Я примечал, что во всех, даже шутливых разглагольствованиях Митрия Ивановича чувствовалась единая, прочная нить.
Он очень любил жизнь, всякое проявление жизни: песни, шутки, веселье, задор. И, наверное, поэтому же любил птичек и мотыльков.
Бывало, мы ходили с ним на озера, за Донец, удить рыбу. У Митрия Ивановича хранилась целая коллекция удочек. Но он был особенный рыболов. Высшим наслаждением для него являлся сам процесс ловли: выжидание ленивых клевков карася, резких, нетерпеливых — окуня, сначала осторожных, потом отчаянных рывков сазана.
Однако последнее время рыба не шла. Кто-то выглушил ее динамитом. Лишь изредка на хлеб попадалась мелкая красноперка, при виде которой старик начинал от радости приплясывать и петь. Подхватив лесу, он осторожно высвобождал крючок и минутку держал на ладони яростно трепетавшее маленькое холодное тельце. Потом, вздыхая, покачивая головой, улыбаясь, выпускал рыбешку обратно в озеро.
— Плыви, дорогуша, плыви… Вот, хлопцы, видели? Всякая тварь жить хочет. А зачем губить?.. Живи! Броди себе в камышах, зернышки отыскивай…
С Авдеем, рассудительным, мягким старичком, Митрий Иванович подружился совсем недавно. Около двух недель назад вечером Авдей принес чинить сапоги. Он остановился на пороге и, сняв облезшую мерлушковую шапку, коротко блеснул глазами:
— Хозяину наше почтеньице.
— Садись, милый человек, — сказал Митрий Иванович и сбросил с табуретки кожаные лохмотья. Потом осмотрел сапоги и, подняв голову, задумчиво оглядел гостя.
— Ты, милый человек, не из цыган?
Гость ответил спокойно;
— Цыган — тот же человек.
— Верно. Бородища у тебя что уголь, а глаза голубые.
Авдей засмеялся:
— Мамаша, может, попутала. А мамаша русская.
Ни Митрий Иванович, ни я, ни Семен не были удивлены, когда и на другой, и на третий день новый знакомец наведывался выкурить папиросу. Мы уже знали, что пришел он на шахту с хуторов, из-за Донца. На хуторах батрачил пятнадцать лет сряду, но последний хозяин рассчитал, не уплатив за полгода работы. Жаловался Авдей на батрачью долю, на хуторских кулаков и расспрашивал шахтеров насчет работы. Работы, понятно, не было нигде, и так, за табаком и разговорами, шло время. В тихой комнатке старика оно шло незаметно. Здесь было как-то по-особому тепло. За окном шумело черное ночное ненастье. Между шутками у хозяина весело спорилась работа. Мягко шел по бурому полю подошвы нож. Посвистывала дратва, проскальзывая в отверстия вслед за шилом. Приходили соседи. Весь поселок перебывал здесь за неделю. От споров о хлебе, о фронтах и угле испуганно дрожали стекла.
Это был неспокойный 1919 год. По лесам и в степи шалили банды. Тяжелая слава атаманов гудела по деревням.
Гул фронтов катился неподалеку. Скупая газетка губернии перечисляла знакомые станции и местечки, взятые красными в последних боях. Поселок жил скрытым большим напряжением нервов: редко какая семья не ждала из близких окопов писем от родных людей.
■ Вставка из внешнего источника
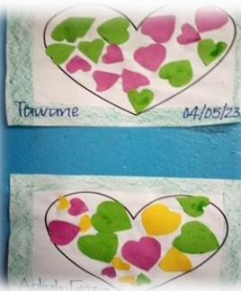
Mark Making- Collaging number 5 and large heart using different sizes of heart shapes and colour
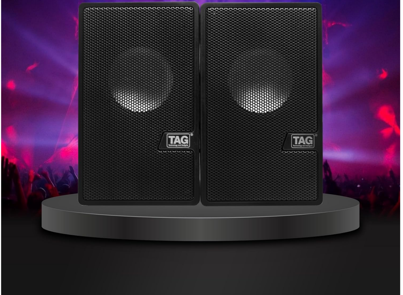
Image 2.3: The TAG DP-500 speakers positioned to emphasize their crystal clear sound output.
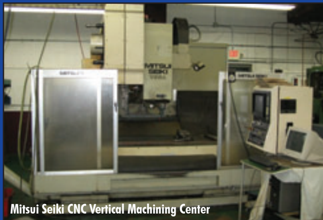
Mitsui Seiki CNC Vertical Machining Center

Mitsui Seiki CNC Vertical Machining Center, Model VS5A, Fanuc 11M Control, 30-Position Tool Changer
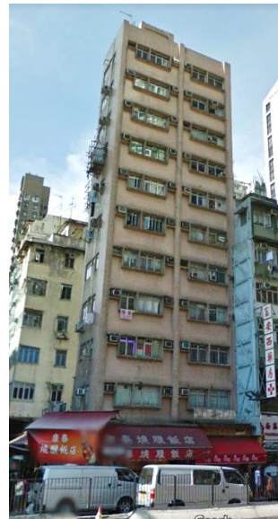
(d) Building of the 1970s having an utilitarian architecture 1 . Usually less than 20-storey.
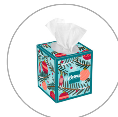
3 boxes of Kleenex tissues
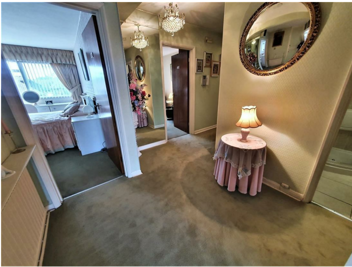
L shaped hallway leading to all rooms, carpeted throughout, airing cupboard housing water cylinder, large storage cupboard.
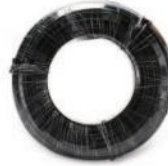
100FT 12/2 14/2 16/2 AWG GR-100 / 12/2 / 14/2 / 16/2 /
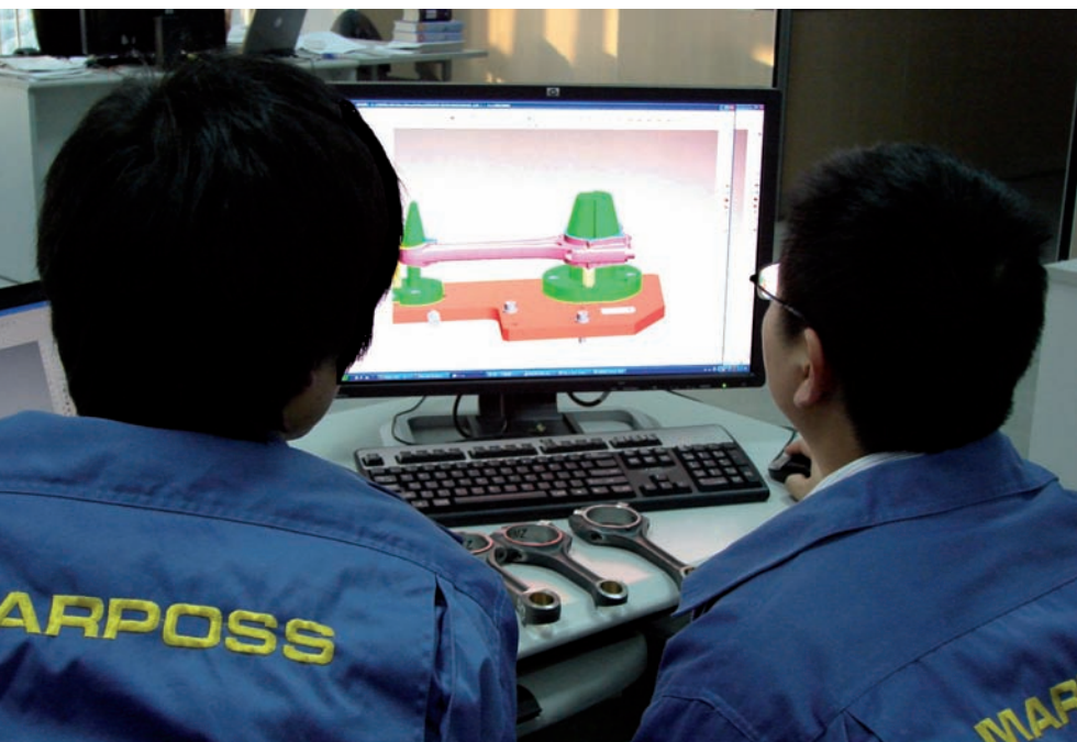
Mechanical technical dept
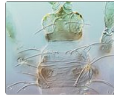
Scolothrips latipennis head & pronotum
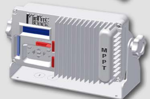
Optional marine version is available in black or white.

The KID's HyperVOC feature allows up to 162VOC. (The KID will not be harmed by voltages between 150 and 162VDC (this is the HyperVOC range). However the KID will remain in standby until the voltage is 150v or below.)
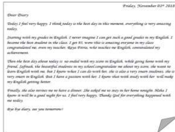
Figure 1: Suchman Inquiry model Adapted from ( Hamdy, 2009)

1- Discrepant Event: This is a type of problem that the students may know little to nothing about that is introduced by the teacher. Example: Why doesn't the snail inside this sealed terrarium die?
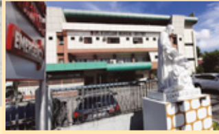
St. Camillus Medical Center PASIG CITY
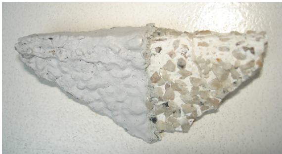
A sample of the concrete from the West Wing

In terms of construction the design of the CGO buildings were a good solution to the problem of accommodating large structures on a site with such varied levels. The site has a flat central area but on the east, north and west ends it slopes away, especially at the west end where the slope is very steep. The West Wing therefore is seven storeys at the centre of the site and gradually lower floors are added to the west end as the ground slopes away so that there are ultimately thirteen storeys. This means that the site can be used fully and that there is a public entrance to the buildings at the Ice House Street level.
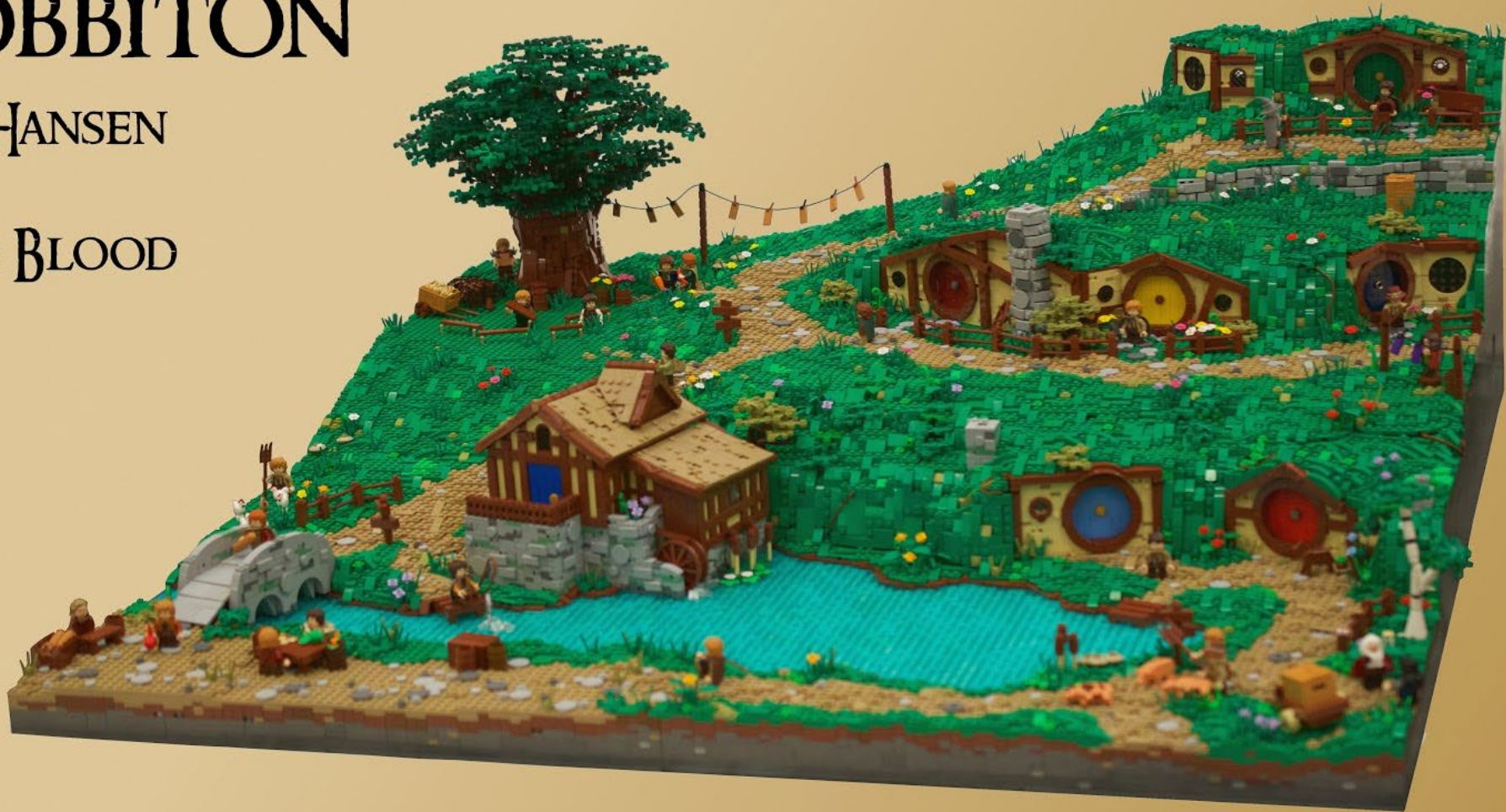
Reference Image: Hobbiton
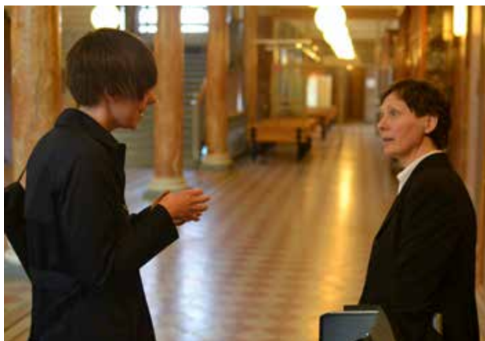
In Södra Latin High School
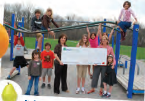
St. Peter's school receives $500 donation towards new playground equipment.

9-460 St. David's Rd. St. Catharines 905-641-2662
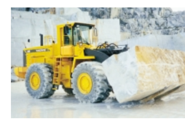
In carrying applications such as block handling, the L330D's load-sensing hydraulics allow more engine power to the drivetrain for fast transport cycles.

At Volvo, we've always believed that power by itself will only get you halfway. That's why we've focused on developing efficient drivetrains and hydraulic systems, permitting the power of the L330D to be turned into record-breaking productivity. Try out the new L330D for yourself, and see why muscles and brains are such an unbeatable combination.
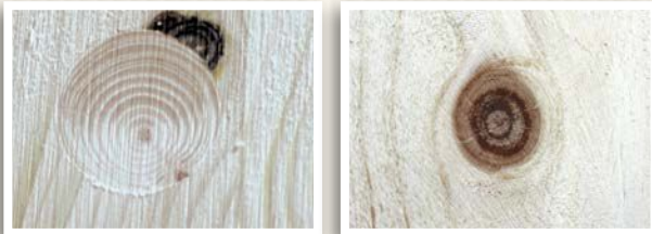
Conventional natural knothole patch vita natural knothole patch

Selected timbers in spruce and douglas fir make the panels beautifully shaped unique pieces. The panel surface is perfected with high-quality elka natural knothole patches .
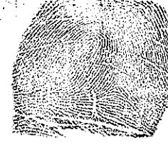
6. LEFT THUMB
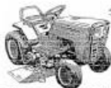
RIDE ON MOWERS
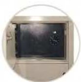
Top door conceals inner door
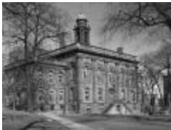
Old Boy's Academy in Albany, 1817 (NYSA_A0245-77_Albany_B01_14)
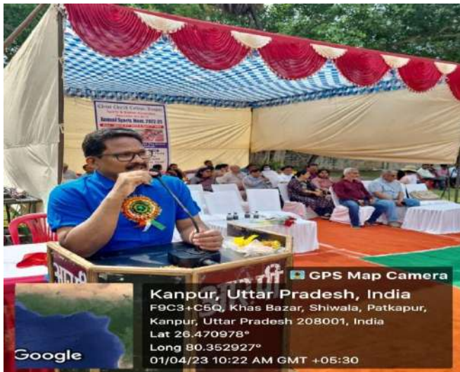
ADDRESS TO THE STUDENTS BY PRINCIPAL
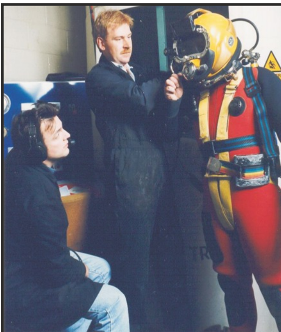
Diver undergoes pre-dive checks, prior to diving

Formal certification includes; BSEN 15618-1, AWS D3.6M and BS 4872-1.
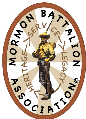
Oval Left Shoulder Patch
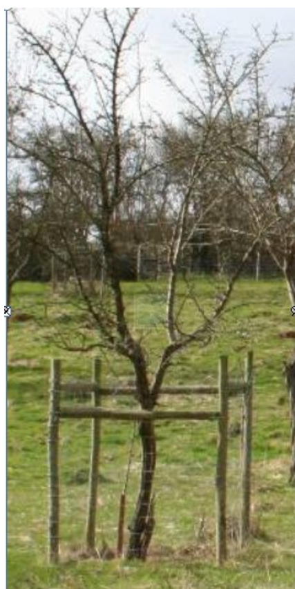
Fig . 8 For protection against cattle grazing: a 2m high post-&-rail system.

Rabbits will graze inside the stock fence and therefore some protection is always essential inside the stock fence.

У Митрия Ивановича был сын — светлолицый кудрявый Андрей. Недавно ему исполнилось двадцать два года. Он одним из первых на шахте ушел в Красную гвардию и скитался по фронтам свыше двух лет. Домой он вернулся раненый, с огромной наградной бумагой от штаба дивизии. Эту бумагу с восхищением перечитывали соседи. Андрею тихонько завидовали ребята. Один только Митрий Иванович неодобрительно качал головой.
— Что ж… убивал? — спрашивал он коротко и сокрушенно.
— Приходилось, а то как же?
— То-то… Эх, парень, — в голосе его нескрываемо звучала печаль.
Андрей начинал спорить. Сначала спокойно, уверенно, потом, распалясь, метался по темной комнатке, как большой лохматый зверь в клетке.
— Сидишь ты над своими башмаками, как колдун! — озлобленно кричал он. — Аль выше подошвы глянуть не можешь? «Птички-синички…»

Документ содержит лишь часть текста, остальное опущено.